Now, suppose you want to type “1”. You look for it, and you see it’s on the “Q” key, but in the lower right corner. That means you need to press a function key, labelled “Raise”, and then the “Q” key. They keyboard will act as if you pressed the “1” key.

But what if you wanted to press “!”? You could press and hold “Raise”, then press and hold “Shift” and then press “Q”, but that is a bit of gimnastics, so the Planck layout that this layout is loosely based on invented a shortcut: the “Lower” key, which is basically equivalent to “Raise”+”Shift”. So to type “!” you simply press and hold “Lower” and then press “Q”. This way you almost never have to press more than two keys at once. The “Raise” and “Lower” keys are pressed with your thumbs, so they don’t interfere with your regular typing movements.

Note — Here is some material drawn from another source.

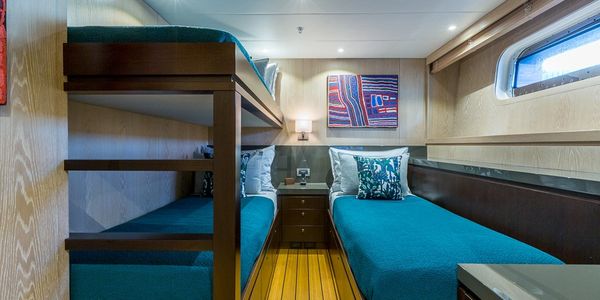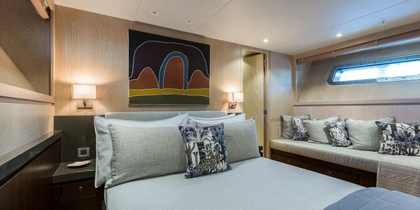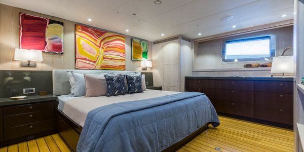The 111ft /34m Custom expedition yacht features sophisticated exterior design and engineering by Gregory Marshall. Previously named VvS1 (after a grade of diamonds), she was proudly introduced to the Australian charter market following an extensive refit in New Zealand in 2016-2017. Spacious living areas lead to full-height windows dare the passing views to vie for your attention with the impeccably decorated interior. AKIKO is versatile enough to enter small bays, anchor behind coral atolls or for game fishing over submarine reefs.

The only problem is that you now how to learn where all the symbols are again. But if you look carefully, you will notice that they are pretty much in the same places as on a regular keyboard, only compressed a little bit. So the top row is numbers, like on QWERTY, with the minus and plus keys wrapped around. Quote and colon merged together, question mark moved up one row, and square brackets got pushed down a bit, but they now sit on the same keys as greater than and lower than, so that’s easy to remember. Backslash is always a problem, it landed in the only spot that was left.

All the cursor movement keys are in their logical places too. Page up and down are on up and down arrows, and Home and End are on the left and right ones. Del and Ins got moved away a bit in this particular layout, because I really need the right Alt key where it is, for typing Polish accented characters. Normally Del would go there, so it’s together with all the other cursor movement keys.

I still have some room for additional keys if I needed them. Backspace, for example, could have a “lock screen” as a second function. But I figured I will be adding those as I need them and get used to the rest.